A starting maniple is assembled from 1500 credits. The controlling player must field exactly one Leader — a Tech-Priest Dominus — and may add up to two Champions, drawn from the Enginseer, the Manipulus, or a House officer. At least one Tech-Priest is mandatory at all times: with no priest, no Canticle can be sung and no Rite of Repair performed, and the maniple fights as a heap of silent machines.

Gangers form the bulk of the force, underpinned by a cheap, repairable construct floor of Servitors, with a single Brute slot available. Champion, Brute, and fast-tier slots open as the maniple gains Reputation. Canticles and Rites of Repair cost nothing to use — they demand only a living Tech-Priest, never credits.

Credits1500
Leaders1
Champions3
Build Rules
  • Starting credits: 1500
  • Exactly 1 Leader (Tech-Priest Dominus) — mandatory; no priest, no Canticle, no Repair, and the Cult above all needs the repair
  • 0-1 Cybernetica Datasmith · 0-2 Tech-Priest Enginseer / Manipulus
  • Kataphron Breachers / Destroyers the bulk; constructs (Kataphrons + Servitors) >= Champions
  • 0-2 Electro-Priests (Fulgurite / Corpuscarii) · Servitors cheap and repairable · 0-1 Brute (Kastelan Robot)
  • Champion / Electro-Priest / Kastelan slots unlock with Reputation — no fast-scout slots (the static wall fields neither Pteraxii nor Serberys)
  • Canticles and Rites of Repair cost no credits — they are a gang stance and an action, not a purchasable resource

A Cult Mechanicus maniple musters on the standard 1500 credits. Every gang must field exactly one Leader — a Tech-Priest Dominus — and without that priest there is no Canticle, no Rite of Repair, and no one to weld the wall upright; the whole House depends upon him. Beyond the Dominus a maniple may take a single Cybernetica Datasmith and up to two Tech-Priest Enginseers or Manipuli.

The body of the gang is the construct wall. Kataphron Breachers and Destroyers form the bulk, and constructs — Kataphrons and Servitors together — must never number fewer than the gang's Champions.
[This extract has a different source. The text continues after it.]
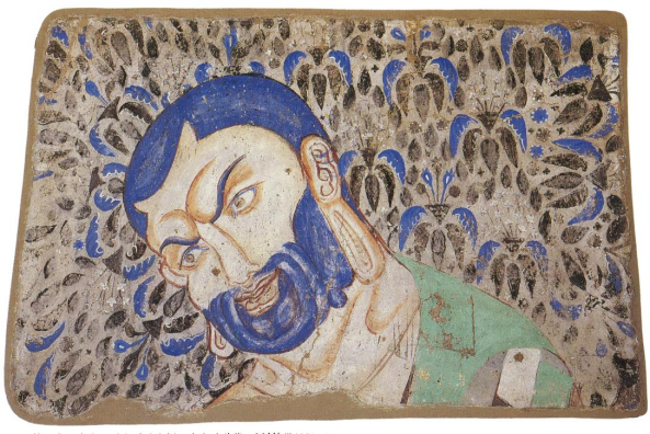 这种形象,可能跟于阗僧人有点接近,是“貌不甚胡,颇类华夏”的形象。如在丹丹乌里克佛寺遗址出土的木版画中,具有高贵身份的于阗地区佛教供养人的面部形象的轮廓线条柔和、鼻背线曲度很小、鼻突浑圆,就跟中原汉人较为接近(图10)。

Servitors give a cheap, repairable floor; up to two frenzied Electro-Priests bring the melee the slow line lacks; and a single Kastelan Robot may anchor the centre. Champion, Electro-Priest and Kastelan slots open as the maniple's Reputation grows. There are no fast-scout slots — the static wall fields neither Pteraxii nor Serberys. Canticles and Rites of Repair cost nothing to field: they are a stance and an action, never a purchasable resource.